Exotic Applications of Formal Methods

Exotic Applications of Formal Methods (Exotic-FM)

Howard Bowman

Exotic-FM seeks to foster the application of Formal Methods (FM) to a spectrum of new (exotic) application areas.

Formal Methods Elsewhere

Along with a number of researchers (see for example, this page) I strongly believe that formal methods technology is much more widely applicable than to just computer system development and the Exotic-FM initiative seeks to pursue this view. The main event in this research activity is the workshop:

Formal Methods Elsewhere

which was held as a satellite workshop of FORTE-PSTV-2000.

The proceedings of this workshop were published as volume 43 of Elsevier's Electronic Notes in Theoretical Computer Science and are available here.

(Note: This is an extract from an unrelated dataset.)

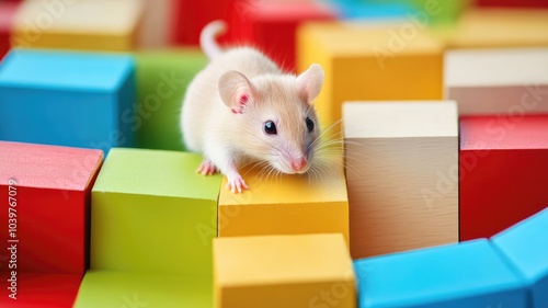© Artyom, Fototapeta premium Small white mouse on colorful building blocks

Classic Applications of FM

Formal methods have been investigated over a relatively long period, with early work (e.g. on Petri Nets) dating back to the 1960's. Such formal methods research has been performed in the Computer Science domain and has the broad motivation of devising techniques that can be used in the system development process. In fact, a number of early advocates suggested that there would be a wholesale overhaul of the system development process - replacing informal and ad-hoc methods with formal specification, formal verification and formal analysis.

However, although there are now many examples of successful applications of formal methods and in addition, there are some niche areas where there application is routine, they have not infiltrated the mainstream of system development practice.

One possible explanation for this limited up-take is that FM's cannot be easily integrated into current system development practice (for example, they typically require a major notational change). In addition, they still do not map well to existing implementation paradigms, such as imperative programming languages.

However, as formal methods researchers, we remain confident that the fruits of our labours are of value and indeed the recent successful applications of FM in system development give some justification for this view.

So, what then is it that FMs provide? What are their benefits?

FMs support the description of the behaviour of systems in an abstract (non-prescriptive) manner.
Of particular relevance is the term abstract - programming languages, for example, clearly allow the behaviour of systems to be described. However, they describe this behaviour in a prescriptive manner, i.e. a program defines a single implementation. In contrast, using devices such as non-determinism, FMs typically support more abstract description, where the specification characterises a set of possible implementations.
Formal descriptions of systems are amenable to formal manipulation and analysis. For example, powerful theorem proving and model checking tools now exist. These can be used to determine what properties system descriptions exibit. Futhermore, this analysis can often be performed in an automatic, or at least, semi-automatic, manner.

Despite the disappointments that surround the currently only limited up-take of formal methods, we should not lose sight of the significance of these two benefits. Indeed we would argue that the capacity to write abstract (non-prescriptive) descriptions of system behaviour and then formally analyse these descriptions to determine their emergent properties is a great success story of formal methods research.

Furthermore, the basic principles of FM techniques are often extremely general. For example, the basic concepts underlying a large part of concurrency theory research (particularly process calculi), is that such systems can be viewed as a collection of concurrently evolving components which interact by performing synchonous rendez-vous. These principles are completely general and are in no way bound to the computer science application domain.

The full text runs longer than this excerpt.